## Study material
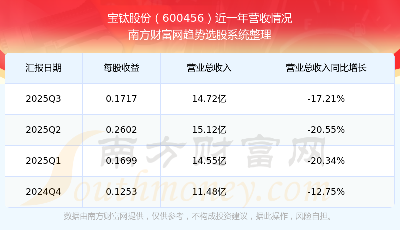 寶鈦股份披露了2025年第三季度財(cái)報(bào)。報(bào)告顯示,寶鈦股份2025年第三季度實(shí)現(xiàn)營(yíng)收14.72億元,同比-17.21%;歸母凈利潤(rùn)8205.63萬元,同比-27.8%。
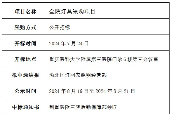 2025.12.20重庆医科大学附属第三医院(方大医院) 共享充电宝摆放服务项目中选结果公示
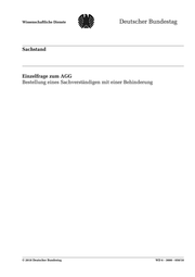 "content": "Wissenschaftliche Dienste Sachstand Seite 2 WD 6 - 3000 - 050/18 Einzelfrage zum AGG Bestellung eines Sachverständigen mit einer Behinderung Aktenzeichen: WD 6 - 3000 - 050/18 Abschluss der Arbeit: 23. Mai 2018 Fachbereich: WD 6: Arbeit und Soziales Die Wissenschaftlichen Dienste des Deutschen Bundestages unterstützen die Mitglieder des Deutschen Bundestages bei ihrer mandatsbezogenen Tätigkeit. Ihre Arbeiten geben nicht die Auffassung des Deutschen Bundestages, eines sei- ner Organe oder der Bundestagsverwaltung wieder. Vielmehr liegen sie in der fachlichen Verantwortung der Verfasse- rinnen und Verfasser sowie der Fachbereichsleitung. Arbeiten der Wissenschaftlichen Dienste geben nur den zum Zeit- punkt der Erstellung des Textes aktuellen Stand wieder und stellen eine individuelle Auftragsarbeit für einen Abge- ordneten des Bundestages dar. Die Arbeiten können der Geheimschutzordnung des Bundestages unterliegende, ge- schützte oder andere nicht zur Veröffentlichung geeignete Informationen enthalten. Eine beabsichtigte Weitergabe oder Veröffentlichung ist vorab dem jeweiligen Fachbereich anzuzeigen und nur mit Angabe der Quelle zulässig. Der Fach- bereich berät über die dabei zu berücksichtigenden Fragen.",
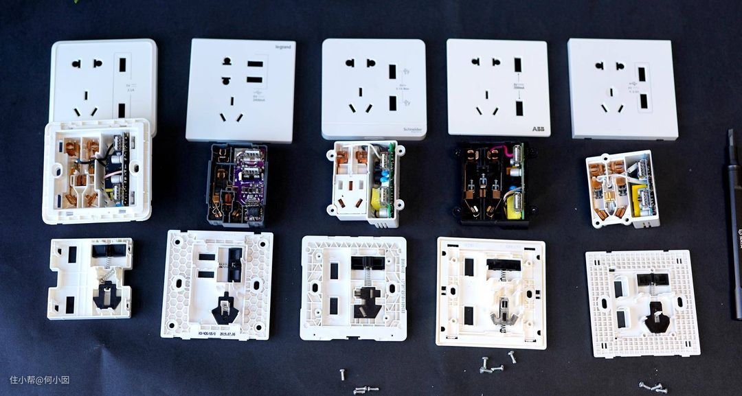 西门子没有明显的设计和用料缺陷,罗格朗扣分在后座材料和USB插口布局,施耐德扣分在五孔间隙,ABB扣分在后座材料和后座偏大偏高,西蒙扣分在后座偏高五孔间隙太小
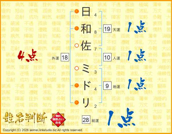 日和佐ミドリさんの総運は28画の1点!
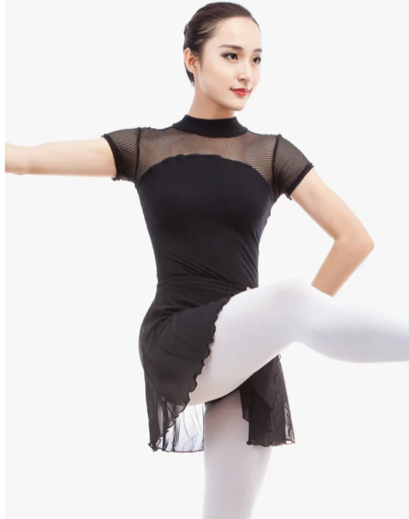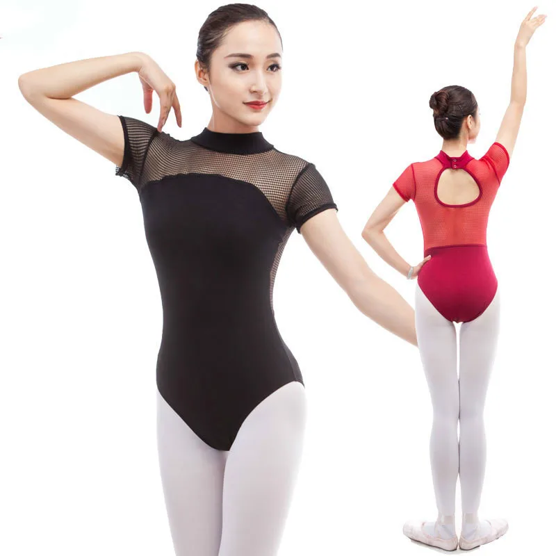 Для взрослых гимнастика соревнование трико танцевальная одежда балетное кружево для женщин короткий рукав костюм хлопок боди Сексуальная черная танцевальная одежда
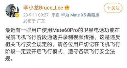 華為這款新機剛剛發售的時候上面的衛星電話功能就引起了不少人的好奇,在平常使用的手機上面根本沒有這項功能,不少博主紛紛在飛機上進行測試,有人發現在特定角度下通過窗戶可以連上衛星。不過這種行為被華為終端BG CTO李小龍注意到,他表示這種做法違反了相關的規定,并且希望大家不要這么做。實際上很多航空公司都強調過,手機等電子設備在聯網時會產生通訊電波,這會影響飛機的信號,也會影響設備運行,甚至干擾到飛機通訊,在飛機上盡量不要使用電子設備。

## Work required
Retype only the lines from the line with "西门子没有明显的设计和用料缺" through the last line of the data. Keep both ends and skip the pictures.

## Task answer
 西门子没有明显的设计和用料缺陷,罗格朗扣分在后座材料和USB插口布局,施耐德扣分在五孔间隙,ABB扣分在后座材料和后座偏大偏高,西蒙扣分在后座偏高五孔间隙太小
 日和佐ミドリさんの総運は28画の1点!
 Для взрослых гимнастика соревнование трико танцевальная одежда балетное кружево для женщин короткий рукав костюм хлопок боди Сексуальная черная танцевальная одежда
 華為這款新機剛剛發售的時候上面的衛星電話功能就引起了不少人的好奇,在平常使用的手機上面根本沒有這項功能,不少博主紛紛在飛機上進行測試,有人發現在特定角度下通過窗戶可以連上衛星。不過這種行為被華為終端BG CTO李小龍注意到,他表示這種做法違反了相關的規定,并且希望大家不要這么做。實際上很多航空公司都強調過,手機等電子設備在聯網時會產生通訊電波,這會影響飛機的信號,也會影響設備運行,甚至干擾到飛機通訊,在飛機上盡量不要使用電子設備。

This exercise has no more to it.